I enjoy some of the stuff on PodCastle.  That's mostly the kind of thing you'd find in a fantasy e-zine.  There's also the Drabblecast, but that gets a little too far 'out there' for me most times.

As far as writing podcasts, I can't help you.  Sorry.


----------



## T.Allen.Smith (Feb 2, 2013)

_Writing Excuses _is pretty good at times. It is chaired by Brandon Sanderson and has 3 other authors. This is strictly about craft, it does not offer any actual stories for entertainment.


----------



## Devor (Feb 2, 2013)

I went and had a long look yesterday.  Here was a big selection of scifi and fantasy podcasts that seems current.

As far as stories are concerned, all I could find was a few actual old radio shows and audio stories like PodCastle.  I tried one or two for a while, only to find that I really wasn't interested.

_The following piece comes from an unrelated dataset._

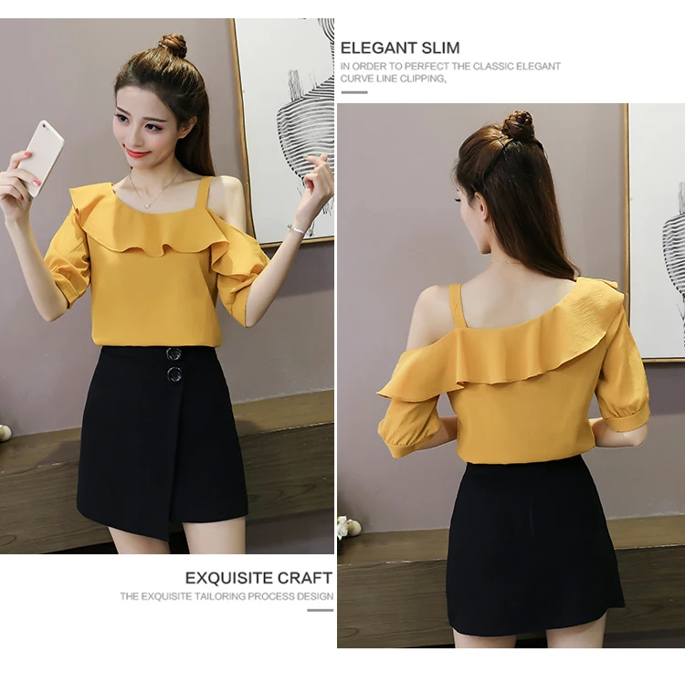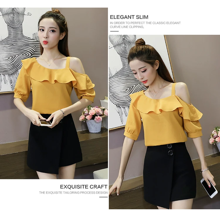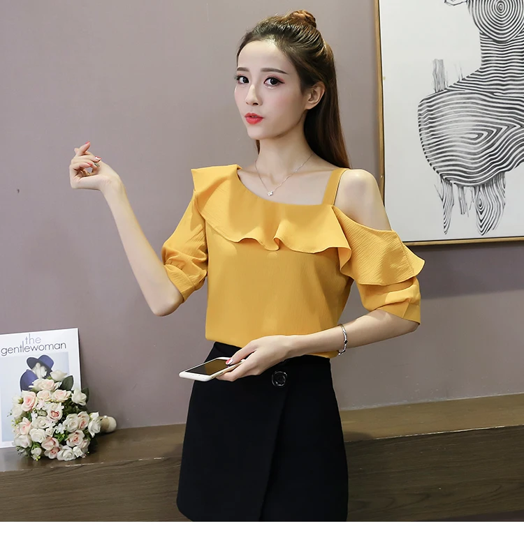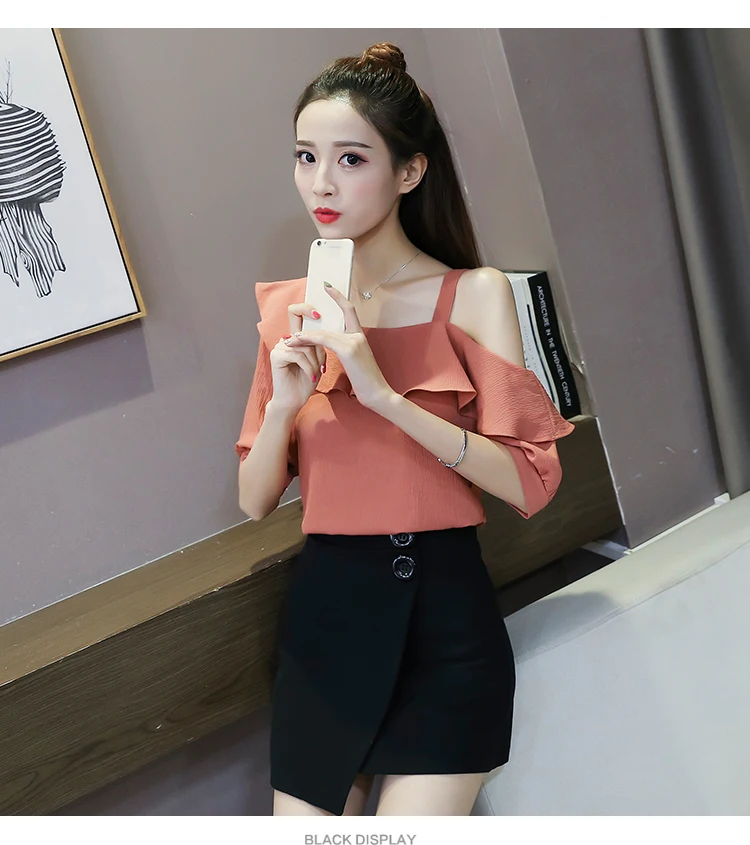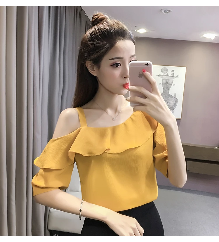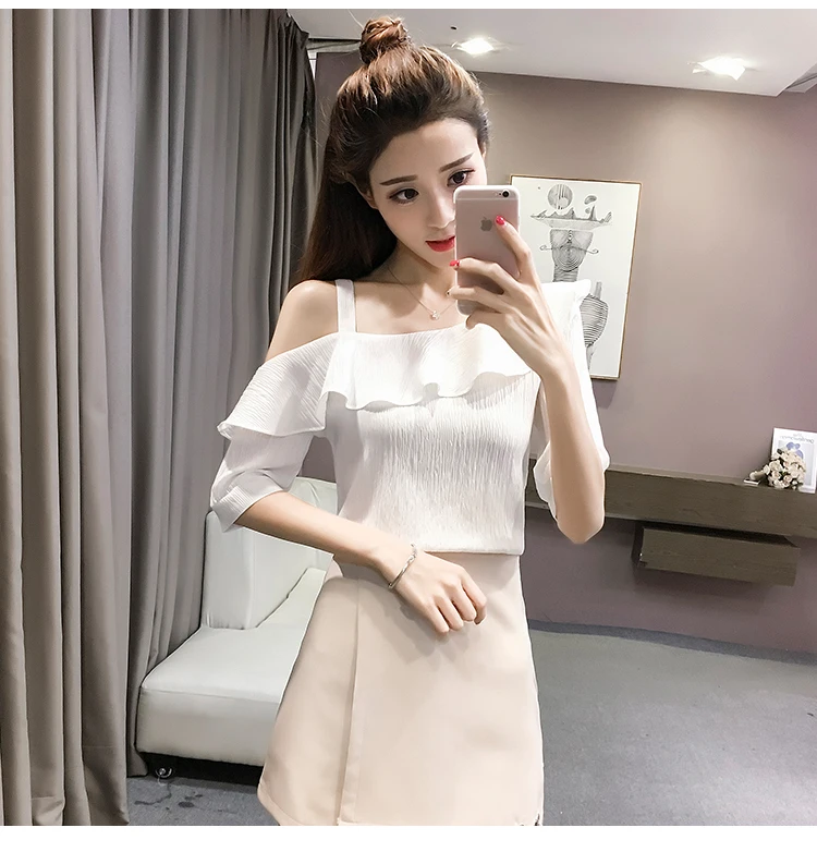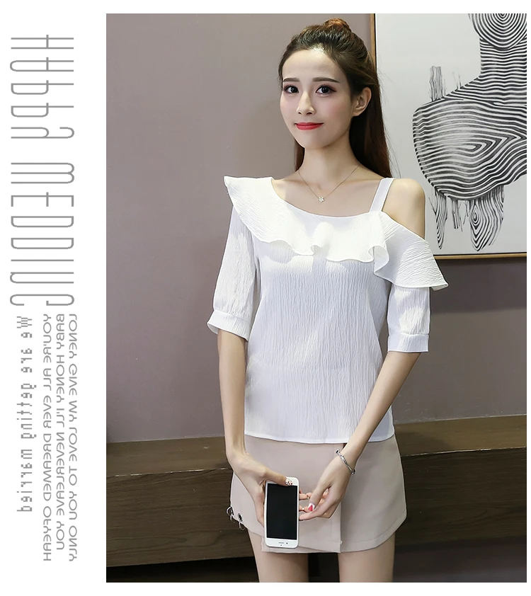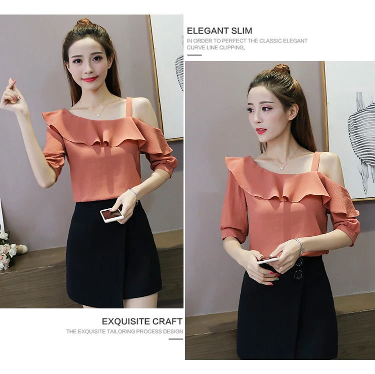 2017 half sleeves slash neck solid chiffon women blouse fashion lotus leaf Strapless casual sweet women shirt top blusas 123J 30

As far as writing craft, I am pretty impressed with Writing Excuses, which is pretty good, and I found a few others that are more like your typical modern radio show, with a host interviewing guest authors.  SFSignal feels like a professional radio program, but it's not very focused on content.

I'm a little underwhelmed with the selection.  It seems to me like there's a wide opening in the market for podcasts.

I think I'll just follow the _Roundtable Podcast_ and _Writing Excuses_.  It's probably no coincidence that those are the ones listed in the Mythic Scribes Directory.  If I was trapped in a car for long commutes, I do think I would add _SFSignal_, but there's too much "useless" time in the program for it to be worth it for me now.


----------